DATASET -
+++

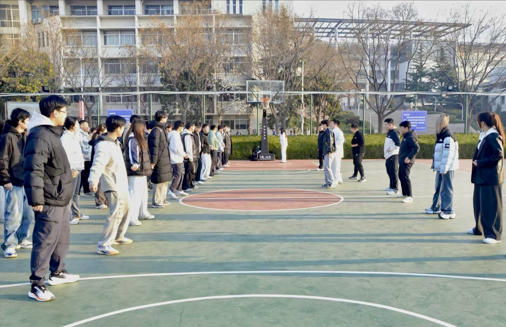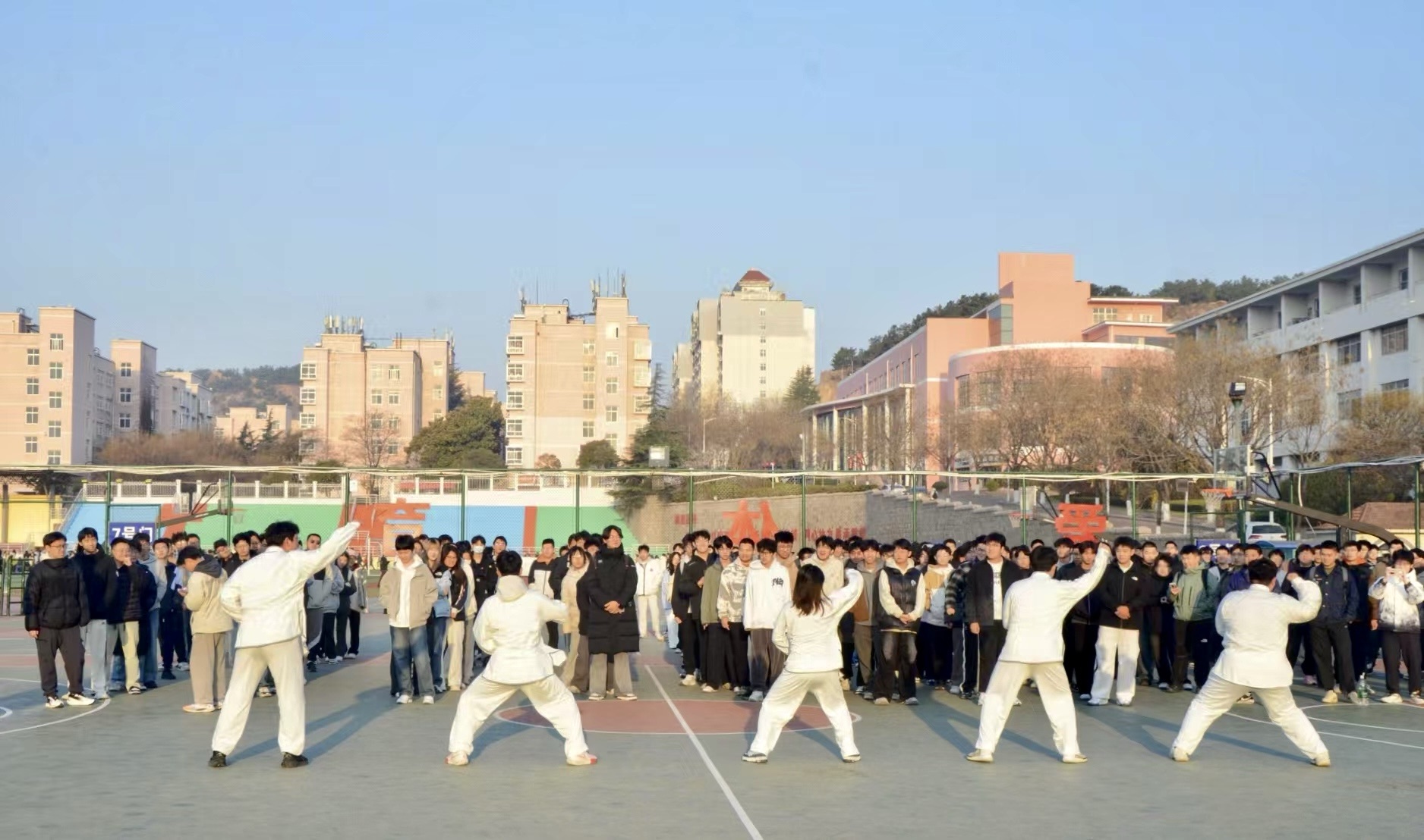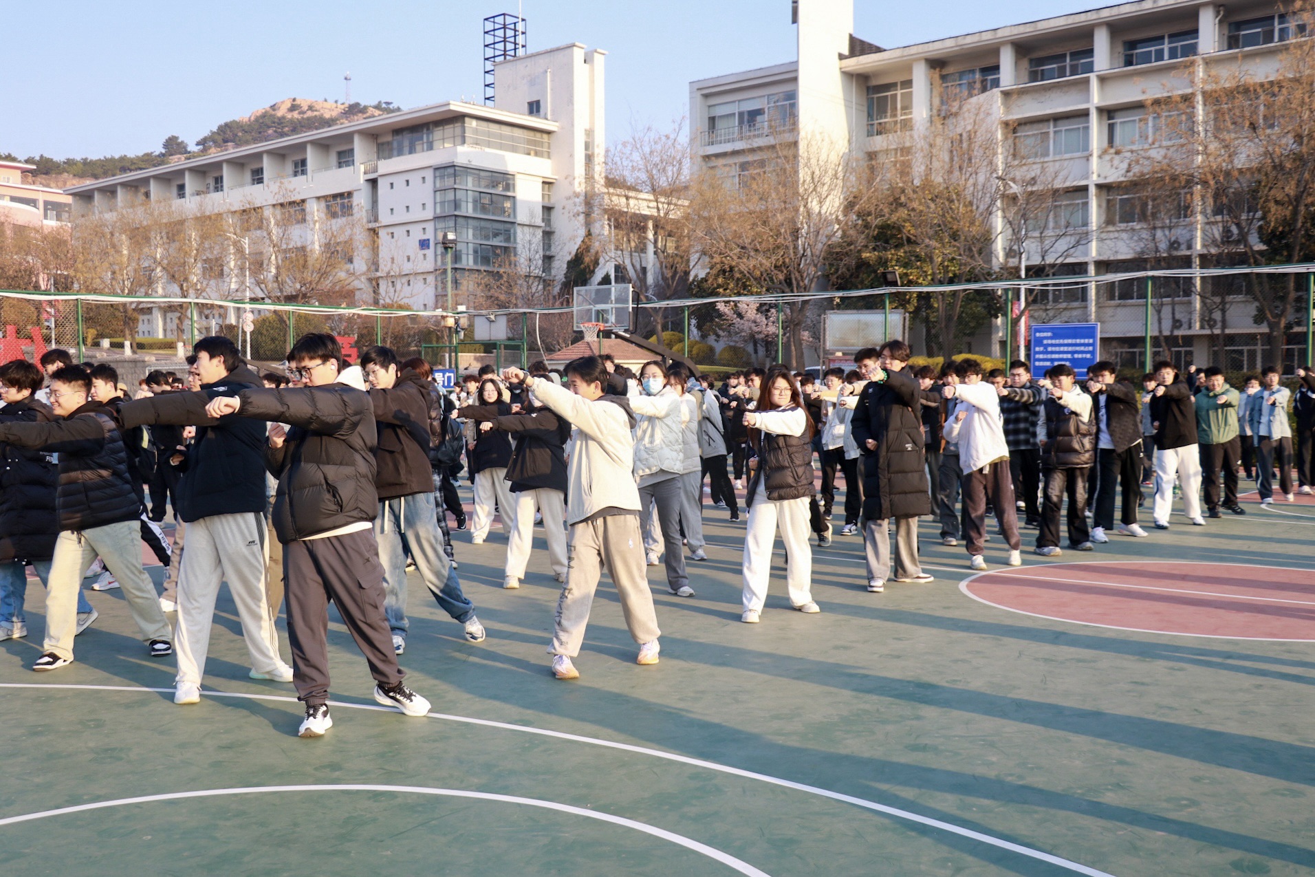 非遗技艺,激活早操新动能。学院“感知中国,德行齐鲁”非遗传承实践队以“输入+输出”模式激活早操。寒暑假期间,队员们深入海阳太极螳螂拳国术馆研习,亲身体验武学智慧;开学后,化身“武术助教”,将非遗技艺融入早操,使传统武术焕发新生。这一创新举措不仅提升早操的观赏性和趣味性,还进一步激发学生的运动潜能,提升身体素质和国防观念,焕发早操新生机,赋予早操更深厚内涵。
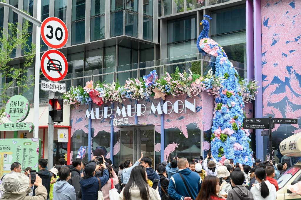4月18日,上海前滩公园巷,商店门头上的孔雀装置吸引众多市民游客拍照。澎湃新闻记者 朱伟辉 图
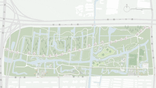 1公里樱花大道+海棠城市界面,微风和煦,春意盎然,打造落英缤纷的春景。
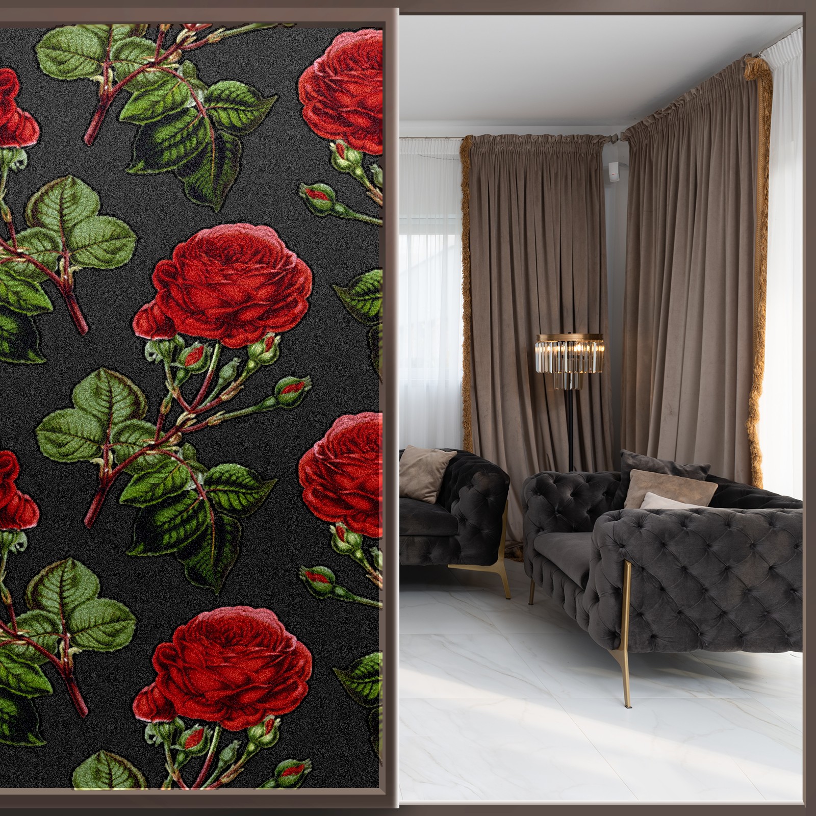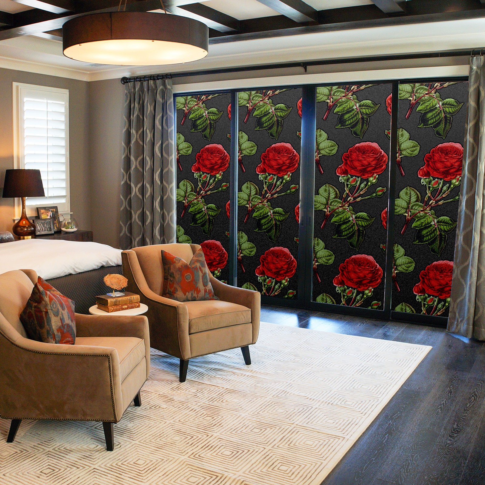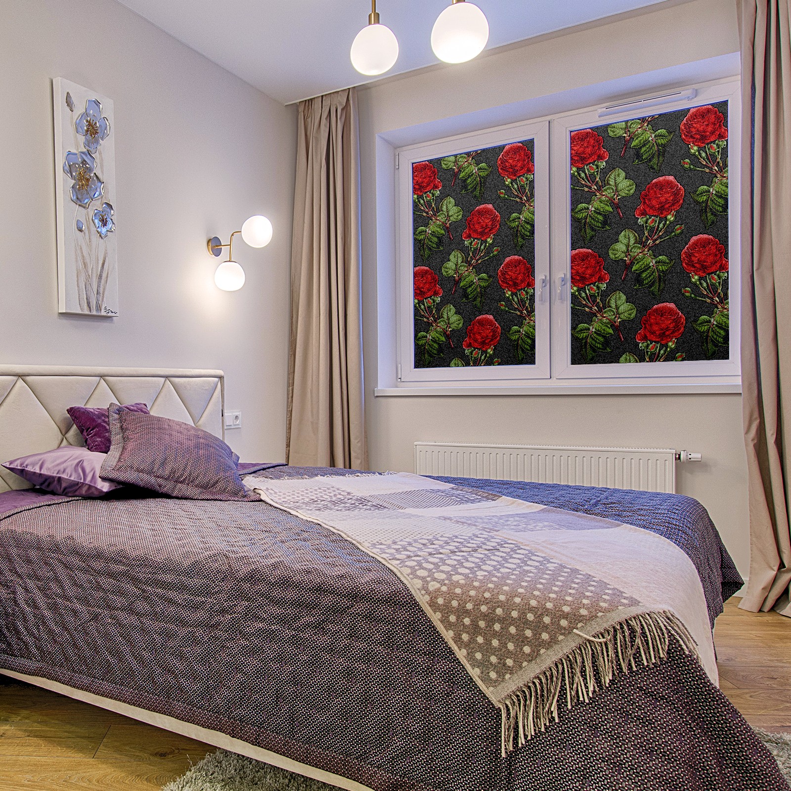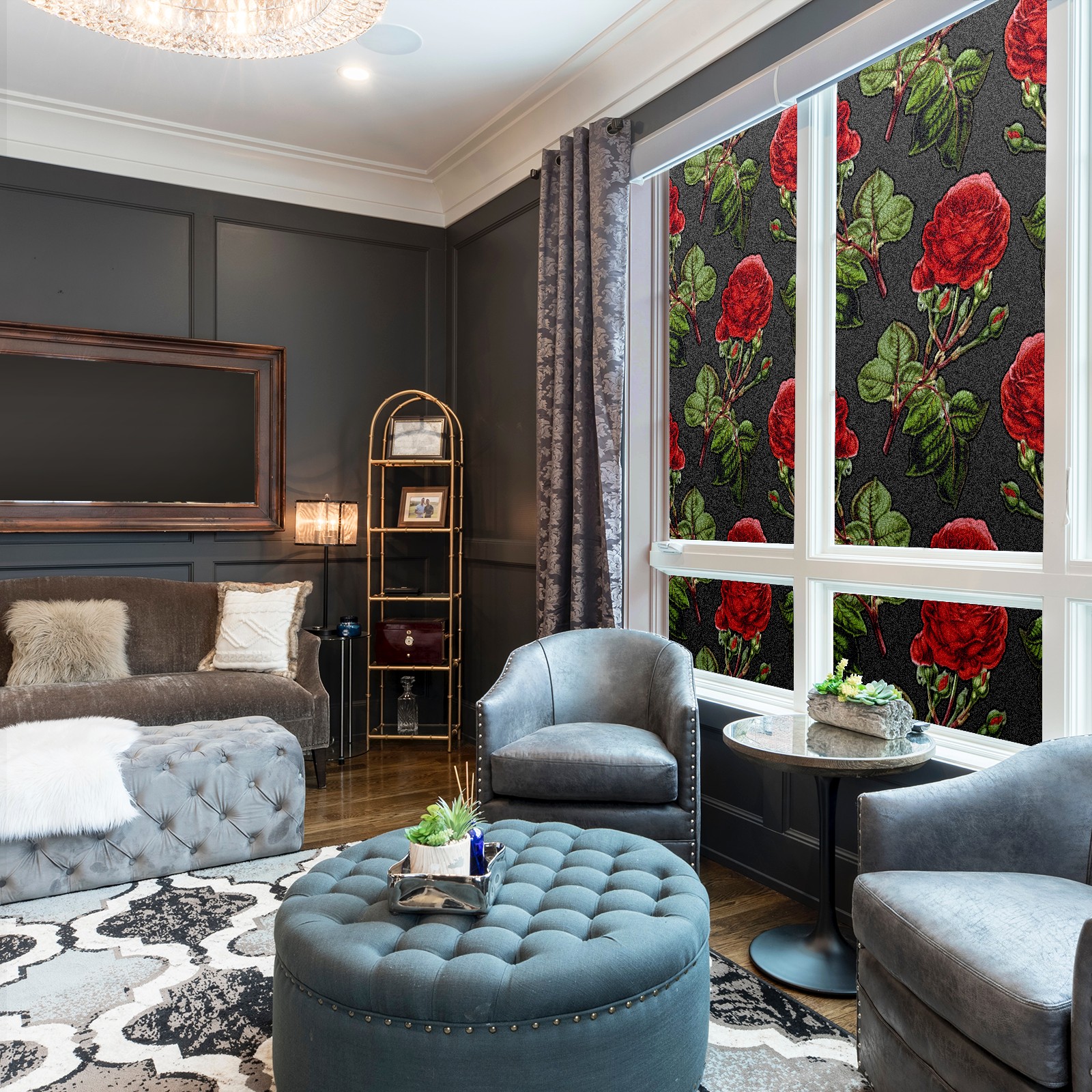 Single sided frosted full screen printed glass sticker soft pink green stripe seamless embroidery pattern privacy decoration Roses
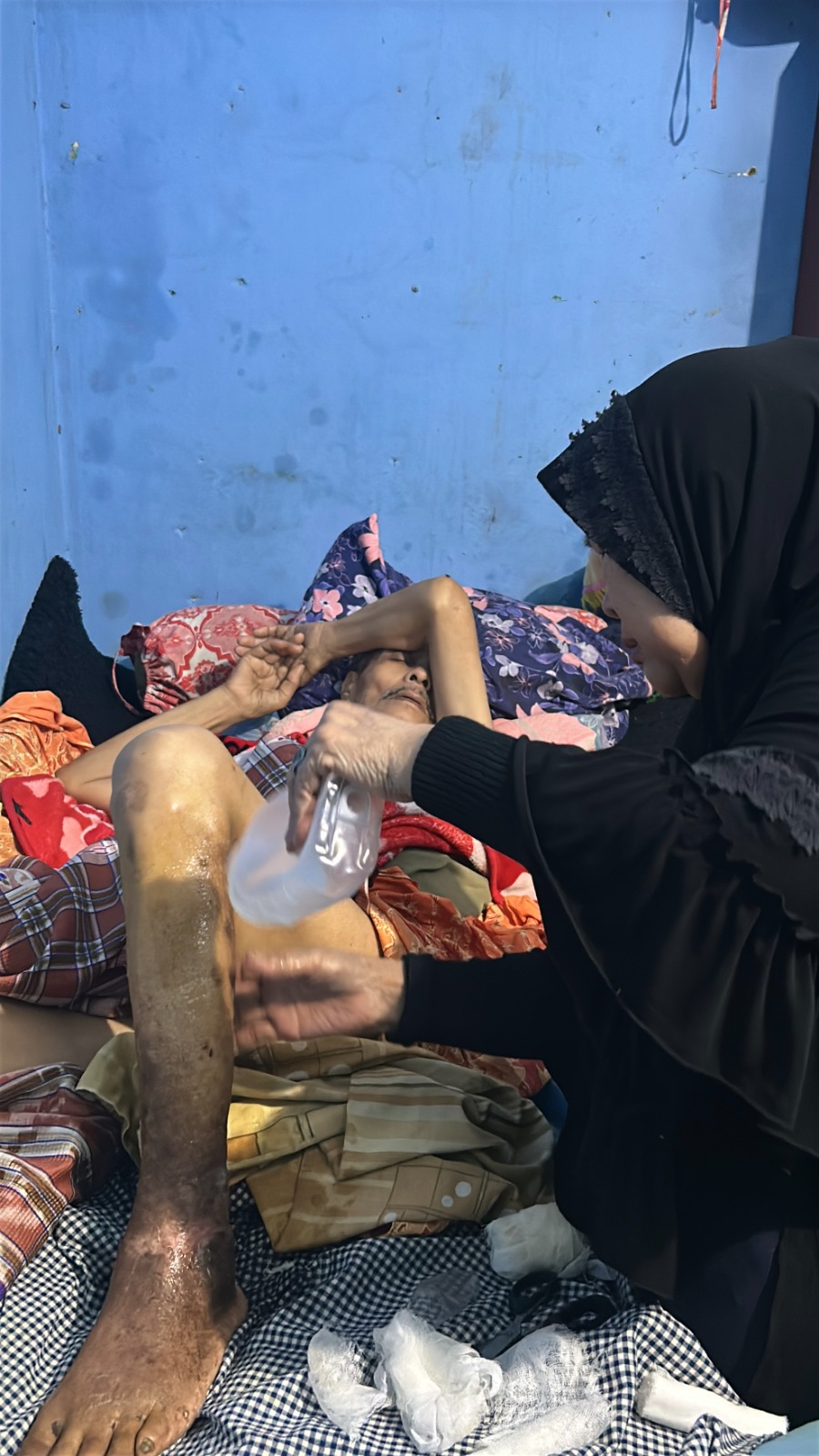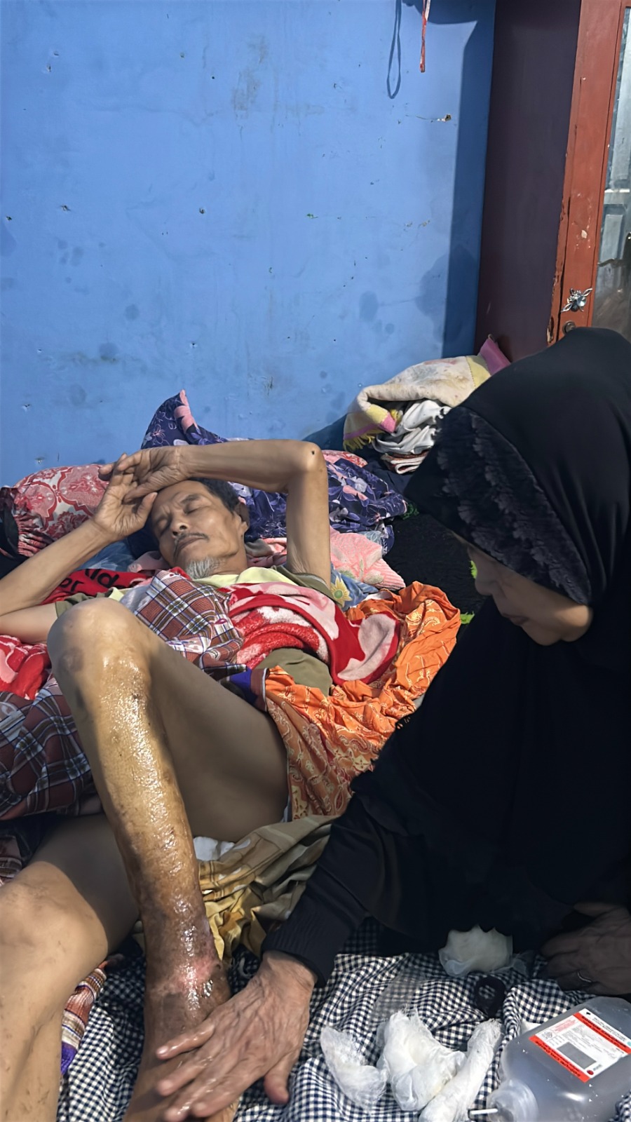 Sudah beberapa lama pak dadan tidak melanjutkan pengobatan hingga kaki membusuk tidak bisa diobati karena tidak ada biaya. Pak Dadan dan istri hanya bisa menangis menahan sakit di dalam gubuk nya yang berukuran 2x2 meter,meratapi nasib dan kesakitan.
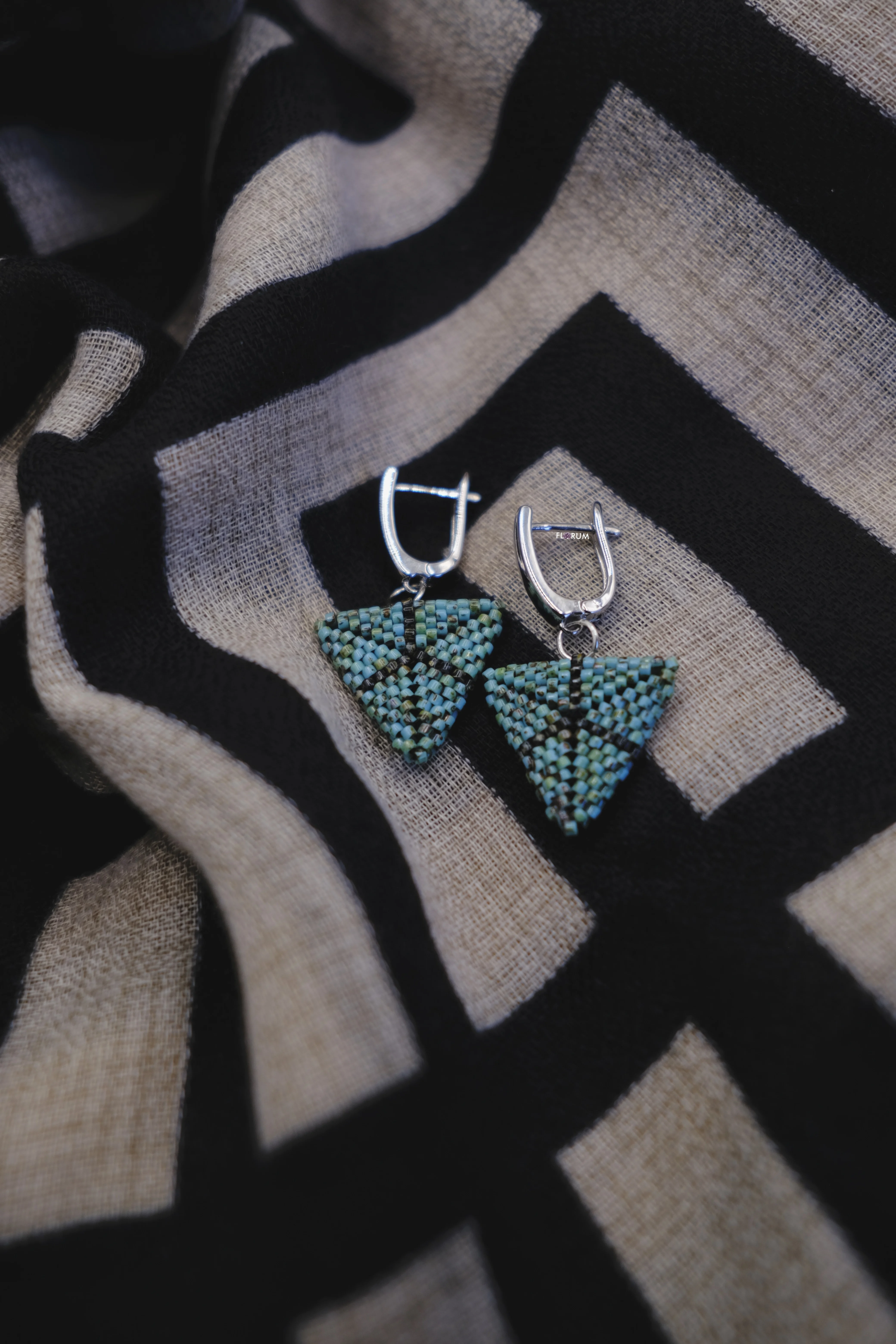 Blue Geometric Beaded Earrings - Silver plated
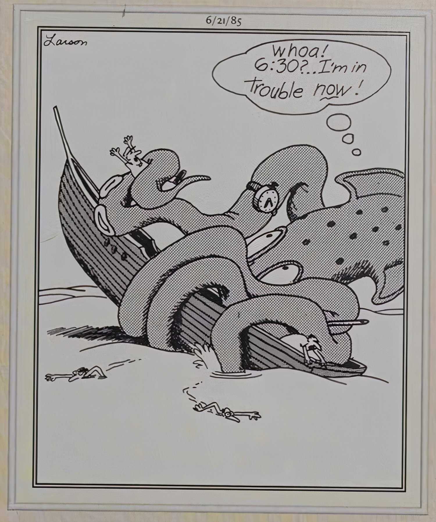 El lado lejano presenta un mundo donde lo mundano se encuentra con lo surrealistay nada dice eso mejor que esta tira poco convencional. Un barco está bajo ataque de un calamar gigante, y sus pasajeros están nadando por sus vidas. Sin embargo, el calamar se detiene en su ataque, señalando que ya son las 6:30 y que están en problemas.
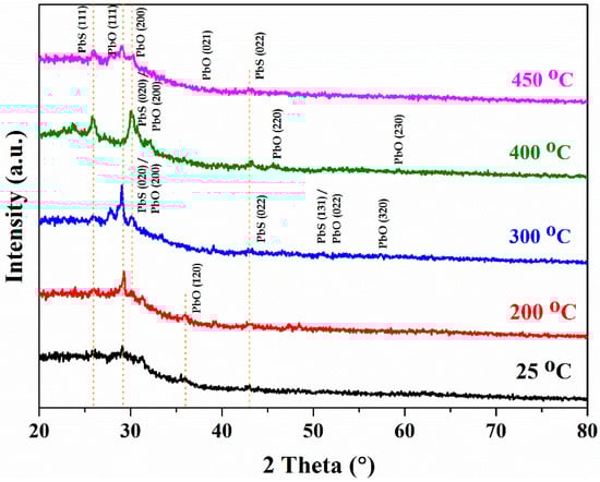 X-ray diffraction pattern of PbS thin film at 25 °C, 200 °C, 300 °C, 400 °C, and 450 °C.

+++

Within the entries above, give again exactly the lines starting at the one that contains "4月18日,上海前滩公园巷,商店门头上的孔雀装置吸引众多市民游客拍照。澎湃新闻记者 朱伟辉 图" and ending at the one that contains "Sudah beberapa lama", leaving out the pictures.

4月18日,上海前滩公园巷,商店门头上的孔雀装置吸引众多市民游客拍照。澎湃新闻记者 朱伟辉 图
 1公里樱花大道+海棠城市界面,微风和煦,春意盎然,打造落英缤纷的春景。
 Single sided frosted full screen printed glass sticker soft pink green stripe seamless embroidery pattern privacy decoration Roses
 Sudah beberapa lama pak dadan tidak melanjutkan pengobatan hingga kaki membusuk tidak bisa diobati karena tidak ada biaya. Pak Dadan dan istri hanya bisa menangis menahan sakit di dalam gubuk nya yang berukuran 2x2 meter,meratapi nasib dan kesakitan.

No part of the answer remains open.